Align your sales push timing with Wizards of the Coast marketing efforts. Our marketing teams carefully craft messages to optimize player excitement in time with set releases. With the release of any new Standard set, work to build excitement around Standard and what the new cards mean for the format.

Wizards of the Coast works to sustain excitement of new set releases for at least a few weeks with event programs and other promotions. Lean into these programs so you can be in alignment, and to sell more product after the set has launched and momentum has slowed down.

Ancillary product marketing is intentionally short-lived. Push excitement around these products in the build-up to the release but remember that the audiences for these products may not be as wide as Standard releases.

Engagement

Build a Standard deck and encourage your staff to do the same. Take the opportunity to invite your players to play a quick game against you and use that time to check in with your players about their event interests. Your players are more likely to engage in Standard events if your store has a Standard-positive culture.

Be mindful of how you talk about Standard and current set releases. Do not engage in negative conversation surrounding products you are trying to sell.

Standard Positive Outlets

Here’s our final points of advice on Standard:

  1. If your players play Booster Draft, they are building a collection that they can then use to build a Standard deck.
  2. Try the Brawl format as a fun, casual way to engage with Standard cards.
  3. Standard is not synonymous with competitive play. Create low-pressure event opportunities for players and encourage them to experiment with new set releases. If your store struggles with this, host competitive events for Standard less often and casual events more often. See the Event Variety article for more information.

Top Takeaways

Take the time to understand our products and sell more effectively. Here are our top talking points.

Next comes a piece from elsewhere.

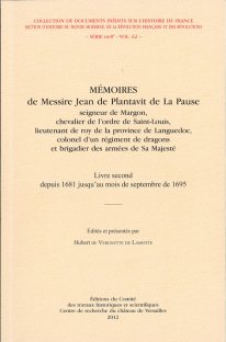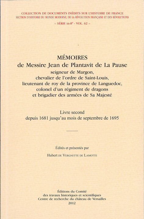 Mémoires de Messire Jean de Plantavit de La Pause, seigneur de Margon, chevalier de l’ordre de Saint-Louis, lieutenant de roy de la province de Languedoc, colonel d’un régiment de dragons et brigadier des armées de Sa Majesté, Volume 2, from 1681 to 1695, edited and introduced by Hubert de Vergnette de Lamotte, joint publication Centre de recherche du château de Versailles / Éditions du Comité des travaux historiques et scientifiques (“Documents inédits sur l’histoire de France” Collection), October 2012, 389 p., 15 x 23 cm, 8 black & white illustrations, €50,70 (ISBN: 978-2-7355-0775-7).

  1. Sell more product by prioritizing Standard-friendly play. Standard and Draft encourage your players to interact with new products.
  2. Create clear product offers you can sell. Make it easy for a player to buy everything they need at once.
  3. Understand every product's purpose. Know what products to sell to any player at any stage in their Magic journey.
  4. Know how your product display influences purchases. Be strategic about product placement and make it easy to navigate for every customer.